Macau é um lugar especial. Disso, Paul French não tem quaisquer dúvidas. As suas leituras e investigações prévias levam-no a concluir que o território sempre foi um lugar onde tudo era permitido fazer-se, escapando, na maioria das vezes, às autoridades. Uma espécie de neutralidade que permitiu, tal como a cidade marroquina Casablanca, juntar à mesma mesa japoneses, britânicos, portugueses e chineses, em plena II Guerra Mundial.
A recebê-lo uma sala bem composta para ouvir as “estranhas histórias da velha Macau” e muito mais. Autor dos ‘best-sellers’ “Midnight in Peking” ou “City of Devils: The Two Men Ruled the Underworld of Old Shanghai”, Paul French é um autêntico contador de histórias, mas antes disso é um investigador nato.
Na Livraria Portuguesa, o autor britânico explicou o seu fascínio pelo Oriente que começou quando estava a aprender mandarim em Pequim. Durante mais de uma hora, French admitiu que nunca procurou Macau, mas que Macau vem sempre ao seu encontro. “Nas minhas pesquisas acabo sempre por dar de caras com Macau. As histórias de Macau sempre me surgiram sem estar à procura delas”, admitiu, enquanto justificava as suas descobertas sobre o território.
French aprofundou, por exemplo, o tema da criminalidade no eixo Lisboa-Macau-Xangai. O britânico revelou que quando escrevia o seu livro “City of Devils: The Two Men Ruled the Underworld of Old Shanghai” descobriu muitas histórias sobre aquela cidade chinesa, as ligações com Macau e, imagine-se, a presença de criminosos portugueses proeminentes na sociedade xangainesa da época. “Fiquei bastante surpreendido com o facto de haver tantos portugueses envolvidos no mundo do crime em Xangai.

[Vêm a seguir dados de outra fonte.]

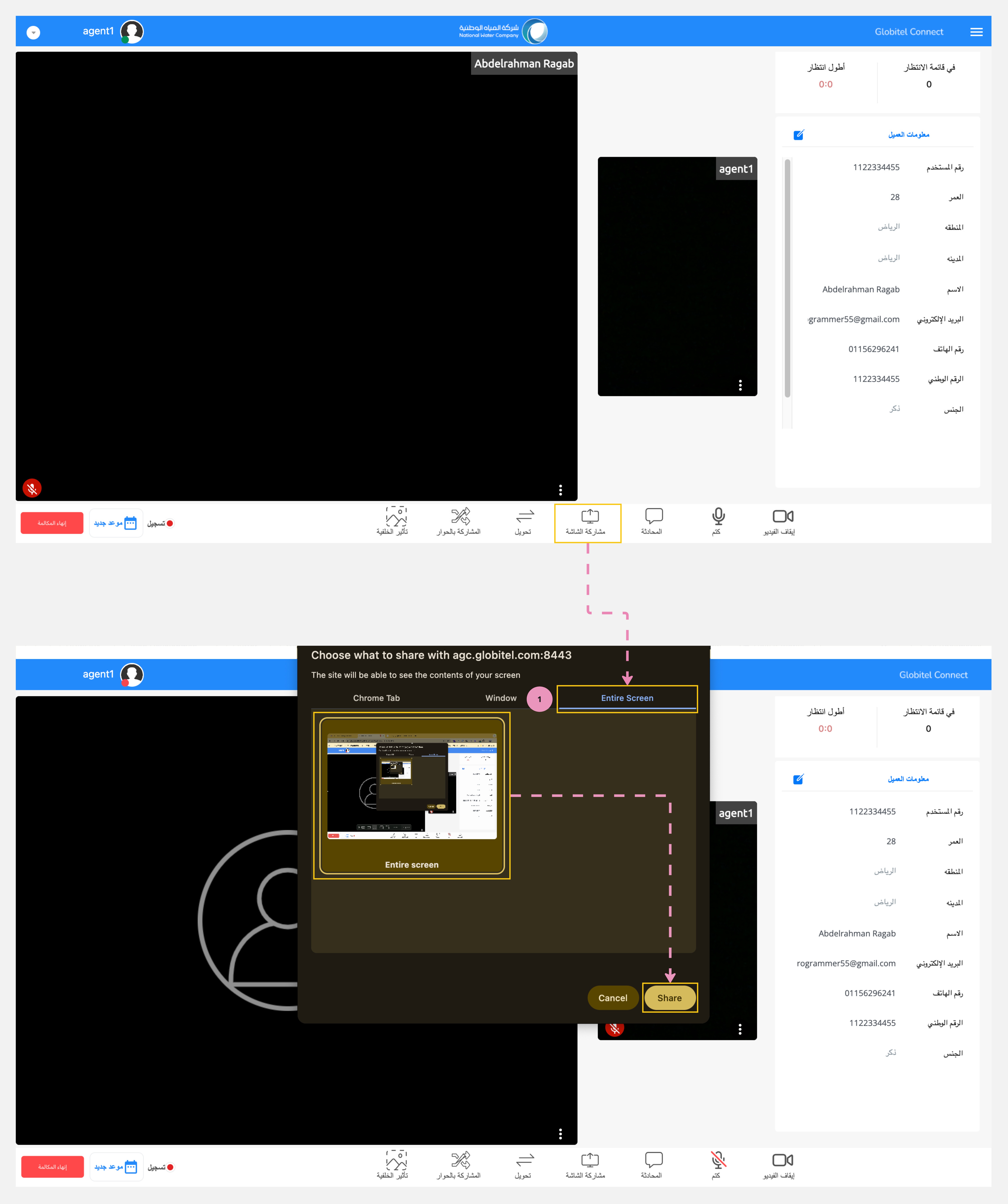 أثناء تفاعلات العملاء، يمكنك مشاركة شاشتك مع العميل لتقديم المعلومات الضرورية أو شرح كيفية استخدام الخدمات التي تتطلب مشاركة الشاشة.

Geriam clubes nocturnos, investiam dinheiro no jogo. Um deles era José Botelho, cabeça do gangue Palácio de Prata, que antes de chegar a Xangai tinha passado por Macau, território onde se deslocava com frequência”, contou, acrescentando que havia ainda em Xangai uma outra facção criminosa gerida por outro português – o gangue 37427.
Macau, no entanto, acabou por ser um território “lá longe”, uma espécie de escapatória para portugueses que não eram bem-vindos em Portugal. “Era um local onde se falava português e onde os criminosos podiam circular com um certo à-vontade sem serem importunados pela polícia”, referiu o autor britânico, afirmando que a “ligação desconhecida” entre Macau e Xangai também se relacionava com a produção de ‘slot-machines’ para a cidade do continente através de Macau.
Lendo jornais antigos ou indo a bibliotecas. Paul French bebeu o suficiente para retratar aquele tempo ido dos anos de 1930 com a precisão necessária e desvendou outra história. “Numa edição do South China Morning Post li que o Japão ofereceu dinheiro a Portugal para comprar Macau. Não é uma história muito conhecida, na verdade. Mas Salazar não foi na conversa dos japoneses e os britânicos também fizeram alguma pressão em Lisboa. Hong Kong não podia estar ao lado de um território japonês e nem os chineses aceitariam tal desfecho. Para o Japão, presumo, seria uma forma mais fácil de conquistar território na Ásia, mas não aconteceu”.
O autor britânico considera que “há muitas coisas para se descobrir sobre Macau”. Para além de misterioso, Macau era um território “onde era permitido fazerem-se muitas coisas” e não era só negócios. “Digo muitas vezes que Macau é uma espécie de Casablanca da Ásia, onde, por exemplo, os portugueses se misturavam com os chineses, com os britânicos e com os japoneses em plena II Guerra Mundial. Não é fascinante?”, questiona.
Paul French acaba de reeditar um livro sobre os escritos de Harry Harvey – “Where Strange Gods Calls”, editado nos anos de 1920 –, “e o estilo com que descreve a Macau da altura é sempre com ligação aos casinos, diferente de tudo o resto, com a presença do catolicismo”. “Ele descreve a sociedade,dizem que há isto, há aquilo e há freiras. Freiras por toda a parte”, contou, lembrando que já Ian Fleming relatava isso nos seus livros, nos anos de 1960. O autor de James Bond escreve sobre Macau quase da mesma forma que escrevia Harvey anos antes. “O que retiro disto tudo é que Macau era um lugar onde podíamos, de certa forma, escapar às autoridades. Havia jogo, prostituição, e Lisboa não estava, de facto, a prestar muita atenção. E depois havia, de facto, a grande presença da Igreja Católica”, referiu o britânico.